The Boss Baby is a media franchise made by DreamWorks Animation, loosely based on the 2010 picture book of the same name by Marla Frazee. The franchise began with the 2017 film The Boss Baby and has since grown to include a sequel, two television series, and an interactive special.

The franchise's inciting incident is the birth of the titular Boss Baby, later known as Ted, who arrives at 7-year-old Tim's home in a taxi, wearing a suit and carrying a briefcase, the series' timeline spanning to focus on a now 37-year-old Tim's daughters, the 7-year-old Tabitha and new Boss Baby Tina.

Feature films

The Boss Baby (2017)

The Boss Baby is a 2017 American computer-animated comedy film produced by DreamWorks Animation and distributed by 20th Century Fox, following a 7-year-old boy helping his baby brother who is a secret agent in the war for adults' love between babies and puppies.

The film was scheduled for a March 2016 release, but the release date was moved to March 31, 2017. The Boss Baby was released on Digital HD on July 4, 2017, and was released on DVD, Blu-ray, Blu-ray 3D and Ultra HD Blu-ray on July 25, 2017 by 20th Century Fox Home Entertainment.

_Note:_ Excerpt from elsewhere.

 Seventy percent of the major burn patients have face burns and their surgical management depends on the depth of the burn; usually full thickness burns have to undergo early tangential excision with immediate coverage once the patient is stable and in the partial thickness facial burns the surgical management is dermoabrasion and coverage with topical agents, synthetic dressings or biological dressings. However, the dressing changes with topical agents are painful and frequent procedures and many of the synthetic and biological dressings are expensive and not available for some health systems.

The film features the voices of Alec Baldwin as the title character, along with Miles Bakshi, Steve Buscemi, Jimmy Kimmel, Lisa Kudrow and Tobey Maguire.

The Boss Baby: Family Business (2021)

The Boss Baby: Family Business is a 2021 American sequel to the 2017 The Boss Baby film, again produced by DreamWorks Animation and distributed by Universal Pictures, following the estranged Templeton brothers being reunited by Tim's daughters, one of whom is a new agent from BabyCorp on a mission to uncover the dark secrets behind Tabitha's school and its mysterious founder, Dr. Armstrong.

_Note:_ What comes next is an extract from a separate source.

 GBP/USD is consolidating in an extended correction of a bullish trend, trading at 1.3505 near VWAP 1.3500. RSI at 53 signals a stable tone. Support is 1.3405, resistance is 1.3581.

On May 25, 2017, Universal Pictures and DreamWorks Animation announced that a sequel was set to be released on March 26, 2021, but was delayed to September 17, 2021. The film was moved up to July 2, 2021 and will also stream on Peacock on the same day for free. On May 8, 2020, production was being done remotely during the COVID-19 pandemic. Along with a returning Alec Baldwin, Jimmy Kimmel and Lisa Kudrow, the film features the voices of James Marsden, Amy Sedaris, Ariana Greenblatt, Eva Longoria and Jeff Goldblum.

The Boss Baby 3 (TBA)
During a Q&A with Alec Baldwin and Amy Sedaris in 2021, a third Boss Baby film was announced to be in early development.

Short films

The Boss Baby and Tim's Treasure Hunt Through Time (2017)
The Boss Baby and Tim's Treasure Hunt Through Time is a 2D and 3D animated short film released on July 25, 2017 on The Boss Baby Blu-ray and DVD pack, following Wizzie, the wizard from Tim's alarm clock, as he narrates Tim and Ted's (Boss Baby's) adventures in imagination.

Precious Templeton: A Pony Tale (2021)
Precious Templeton: A Pony Tale is an 2D animated short film released on September 14 on The Boss Baby: Family Business Blu-ray and DVD pack, following a bedtime story to Tina and Tabitha about Precious, the pony Ted gave Tabitha as a lavish gift, who tries to win a carnival talent show from a rival horse, being narrated by Ted himself (reprised by Alec Baldwin).

Television series

The Boss Baby: Back in Business (2018–20)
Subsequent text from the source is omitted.